Kristina Murkett

Mary Wollstonecraft’s naked statue is a missed opportunity

Mary Wollstonecraft's controversial statue (Getty images)

It has not been a good year for statues. The latest creative controversy now surrounds the newly unveiled Mary Wollstonecraft memorial in Newington Green, Islington. Sadly, this monument to the ‘mother of feminism’ is more pubic art than public art: a tiny, naked female, all shredded abs and bouffant bush, on top of a strange swirl of organic matter.

Apparently, the statue is not Wollstonecraft herself, but a tribute to her spirit. This is rather ironic, given that Wollstonecraft dedicated a whole chapter to Vindication of the Rights of Woman to how women’s minds should be admired over their bodies.

It is wrong on so many levels. Aesthetically, it is awful; it has been compared to a ‘Rolls-Royce hood ornament’, a ‘silvered mantelpiece trinket’ and a ‘whirl of metal with the visual charisma of a doorknob.’ Politically, it misses the mark; it’s hardly radical (the world doesn’t exactly need more female nudes), nor is it representative of anything Wollstonecraft – writer, philosopher, campaigner, and mother to Mary Shelley – stood for.

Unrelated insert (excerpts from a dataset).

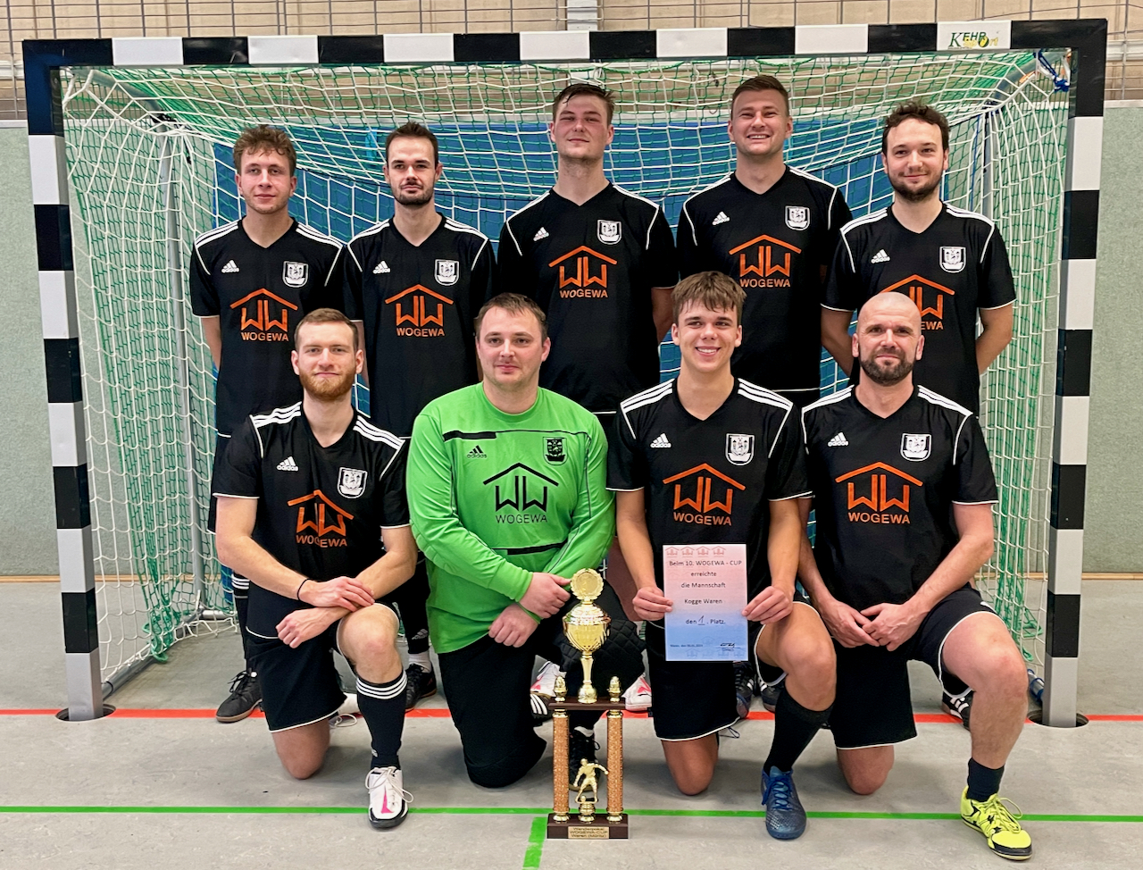 Am Ende eines durchweg fairen Spieltages konnten die Spieler der „Kogge Waren“ die Trophäe in den Hallenhimmel stemmen. Zum besten Torschützen des Turniers wurde Jan-Ole Thurow gekürt. Den Pokal für den besten Torwart entschied Thomas Genz für sich.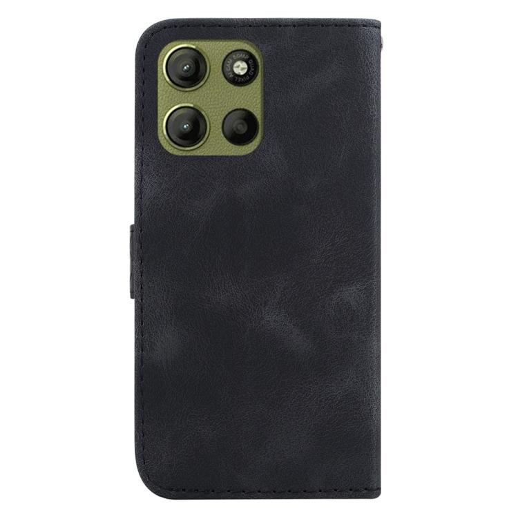 Funda de Cuero con Relieve en Forma de Siete para Motorola Moto G15 (Negra)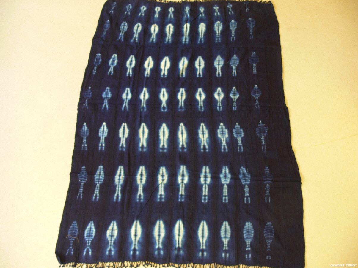 handgewebte Baumwollstreifen, Abbindefärbung mit Naturindigo, 111cm auf 162cm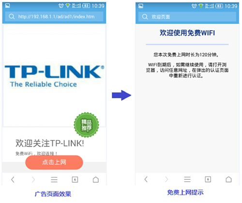 | 1、如果您的广告图片存储在手机上,或者需要现场使用手机拍照,可以通过手机APP快速制作广告。本文介绍具体设置方法。制作之前,请扫描并下载“TP-LINK广告路由”APP,如果已经下载安装,则可以开始制作: 2、打开APP并登录页面,确认手机已连接员工无线网络的无线信号,点击已安装的“TP-LINK广告路由”,进入登录界面。初次登录需要设置管理员密码,点击登录。 注意:若无线终端连接到广告无线网络,将无法管理路由器。 3、广告制作,进入编辑页面,打开APP之后,开始添加广告并选择内容来源为模板编辑,如下: 4、页面编辑,按照以下流程进行模板选择、图片添加、文字编辑,您还可以添加预置图标、设置特效等处理。如下: 注意:本例不介绍图标、特效、调色,您可以根据需要进行设置。 该路由器支持制作三个广告页面。若同时启用多个广告,路由器将会按照设定的广告轮播间隔轮流的播放各个广告。 5、广告时间参数设置,点击预览页面左上角的按键,设置广告时间,具体参数介绍如下: 广告倒计时:广告页面停留时间,如果您的广告页面内容比较丰富,可以停留更长时间。 免费上网时间:观看一次广告后可以持续的上网时间,超过该时间限制后页面会再次弹出广告。 空闲断线时间:如果用户再该时间内没有上网,路由器将断开此用户的连接。 广告轮播间隔:添加多页广告时,不同广告循环播放的时间间隔,比如此时为第一条,60分钟后后弹出的是第二条,依次循环切换。 6、广告效果体验:使用无线终端连接广告无线网络的无线信号,无线连接成功后就会自动弹出广告。广告倒计时结束后会出现点击上网按钮,如下图。 注意:如果个别Android手机没有自动弹出广告页面,建议手动打开浏览器触发弹出广告。 点击点击上网,跳出免费上网的提示欢迎页面,说明您可以开始上网了。 至此,广告制作及推送完成。 |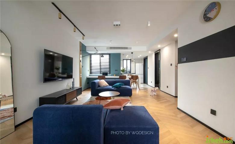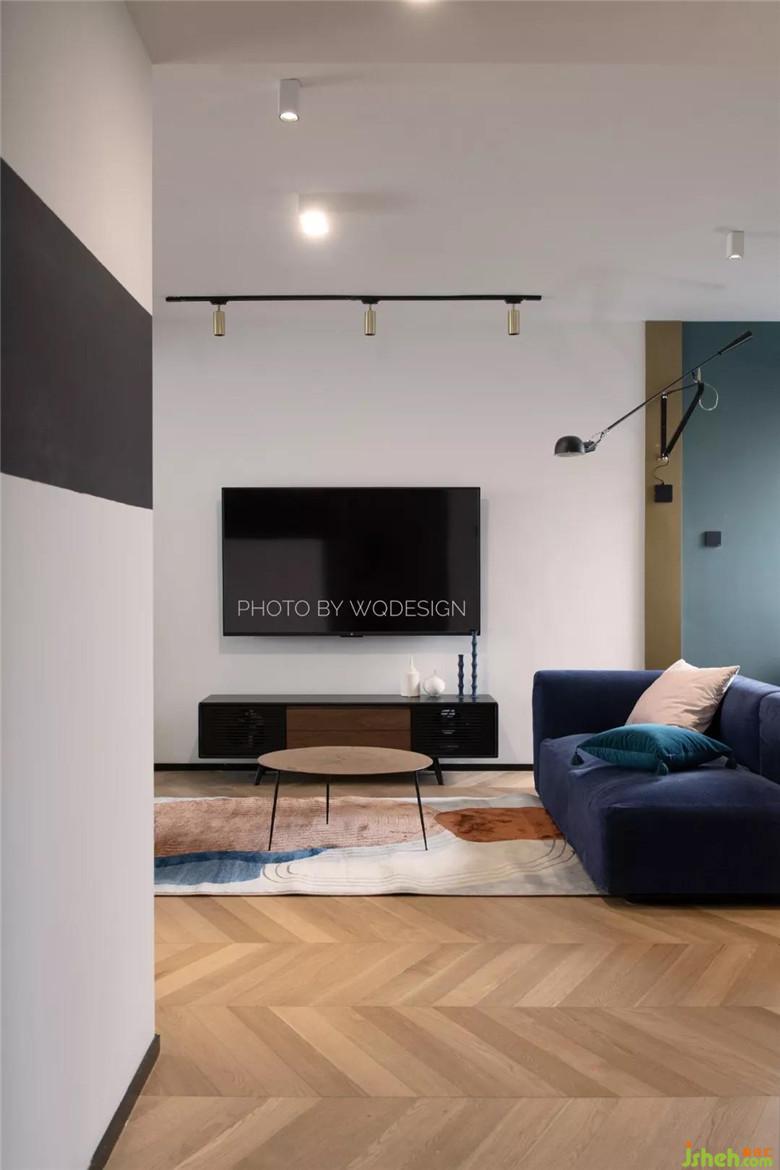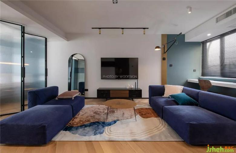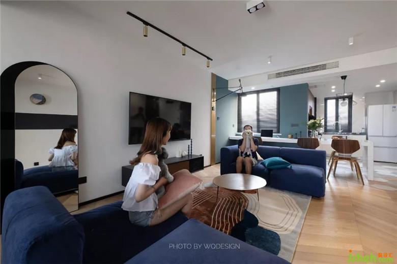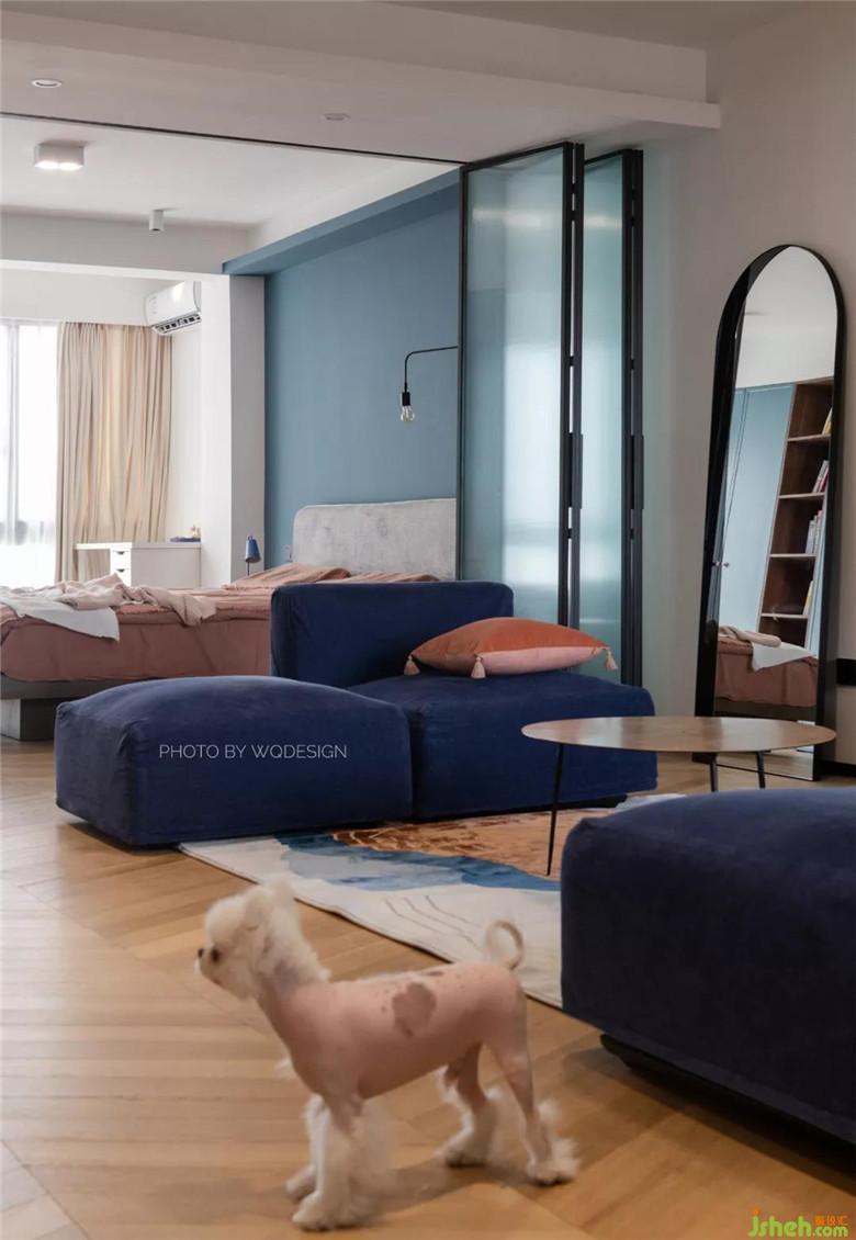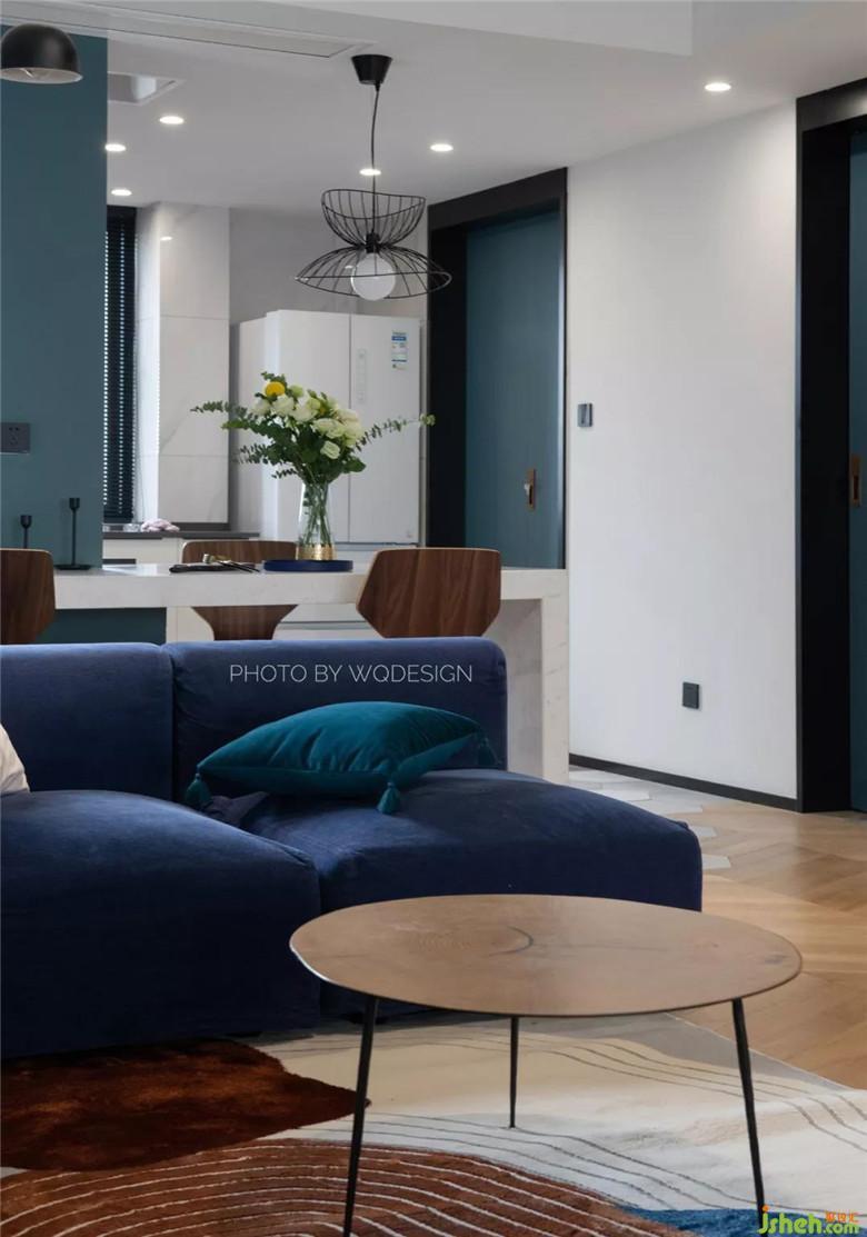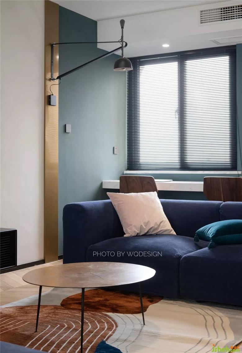整屋的各處空間都用不同的色塊劃分,主臥的海藍,工作區(qū)的湖藍以及各個家具單品都有選擇地去用藍色系點綴。此處還用銅質(zhì)收邊條壓在客廳和工作區(qū)之間,點綴出輕奢感。

Looking at the proposals by the finalists, this is a clear case of identity politics and political correctness gone wrong. The fact that the committee chose Maggi Hambling’s design over the alternative is so mind-boggling, so completely incomprehensible, that it raises an important question: did they choose her design because she was a woman, and the other finalist was a man?

The alternative design, proposed by Martin Jennings, had Wollstonecraft fully clothed (bonnet and all), clutching a quill and standing over a toppling stack of books. Not the most original idea in the world, but one that, as Jennings himself said, is testament to her ‘heroic courage’ in campaigning for women’s rights despite the ‘considerable risk to her reputation.’ Instead, we are given tiny silver-boobed Barbie.